Итало Кальвино. Американские лекции
Н. Ставровская
Итало Кальвино (1923-1985) оставалось прожить чуть больше года, когда — первым из итальянских писателей — его пригласили прочесть в 1985/86 учебном году в Гарварде лекции в рамках проводимых с 1926 года Нортоновских чтений, где в разные годы выступали Т. С. Элиот, И. Стравинский, X. Л. Борхес. Тему Кальвино выбирал долго, в итоге решил назвать цикл «Шесть предложений на ближайшее тысячелетие» и посвятить его апологии особенно ценимых им качеств художественного повествования: Легкости, Быстроты, Точности, Наглядности, Многообразия, Содержательности. По его мнению, именно их должна унаследовать литература будущего. Из шести лекций написать он успел пять и говорил, что идей и материала хватит на восемь; последняя могла бы называться «О началах и концах романов».

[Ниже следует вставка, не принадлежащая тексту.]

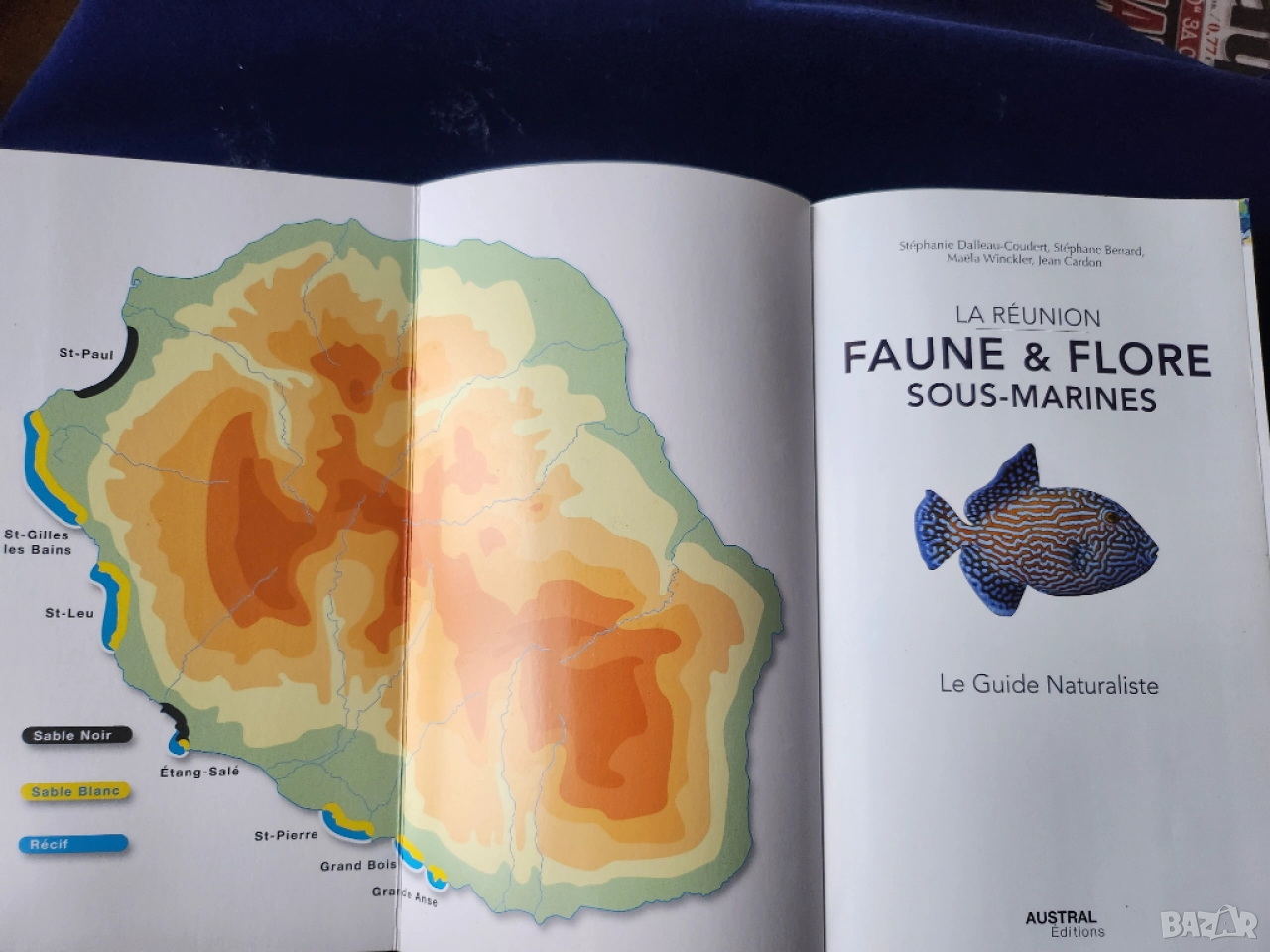 Флора и фауна в морето на Реюнион - на френски, описани 600 вида(вкл.300 вида риби), 800 цветни фото
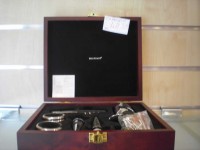 Set per vino comprendente: cavatappi per vino, cavatappi per spumante, apribottiglie, 2 salvagoccia, 2 tappi per vino, un tappo per spumante e 6 segna bicchiere.
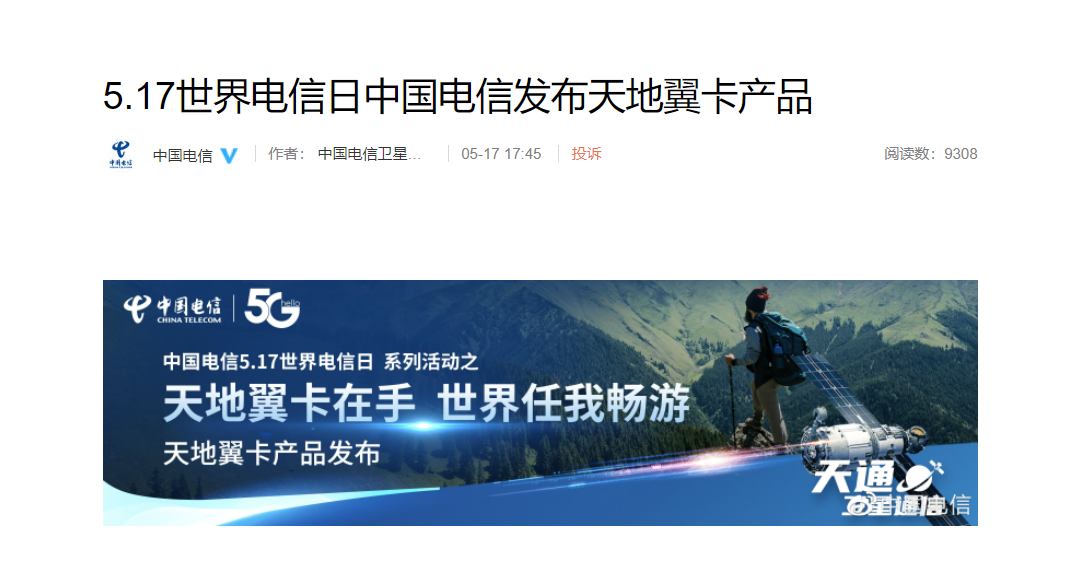 在 5 月 17 日世界电信和信息社会日到来之际,中国电信发布天地翼卡产品。

«На протяжении сорока лет работы в литературе, пожалуй, чаще всего я занимался «облегчением» — человеческих фигур, небесных тел, городов, но в первую очередь композиционной структуры и языка» — так начинает разговор о Легкости создатель Несуществующего рыцаря, Барона на дереве, Раздвоенного виконта. Щедро иллюстрируя прихотливо вьющуюся мысль примерами из литературы и мифологии, Кальвино переплетает и обыгрывает смысловые оттенки прямых и переносных значений слова «легкость», реализует его метафорические потенции. Литературные творения, пишет он, вызывают ощущение легкости благодаря облегченным, невесомым образам, «разреженной» словесной ткани, высокому уровню абстракции; однако главное — живость творческого ума, воспаряющего фантазией в поисках необычной призмы видения: сила легконогого Персея заключалась в отказе от прямого взгляда на Медузу (обращавшую все живое в символ тяжести — камень), напоминает Кальвино, считая этот миф аллегорией образцовых отношений писателя с окружающей действительностью, то есть призывая к непрямому ее отображению.
Первое поэтическое произведение, где познание мира оборачивается разрушением его плотности, восприятием неизмеримо более мелких, подвижных частиц, — трактат Лукреция «О природе вещей»: «Кажется, более всего Лукреций заботится о том, чтобы мир нас не раздавил». Легкостью дышит и мифологический эпос Овидия «Метаморфозы». Для обоих авторов легкость — способ видения мира (вдохновленный в одном случае атомистической теорией Эпикура, в другом — учением Пифагора о переселении душ); важно отметить, что для его выражения оба они сумели найти адекватные языковые средства.
Авторы, стремящиеся сделать язык своеобразным полем действия неких импульсов, и те, кто с помощью языка старается передать весомость и осязаемость реалий, негласно спорят веками. У истоков этого спора в итальянской и европейской литературе стоят, по мнению Кальвино, Гвидо Кавальканти и Данте. В подтверждение он приводит по одной строке каждого из поэтов: почти идентичные на первый взгляд, они рождают противоположные образы.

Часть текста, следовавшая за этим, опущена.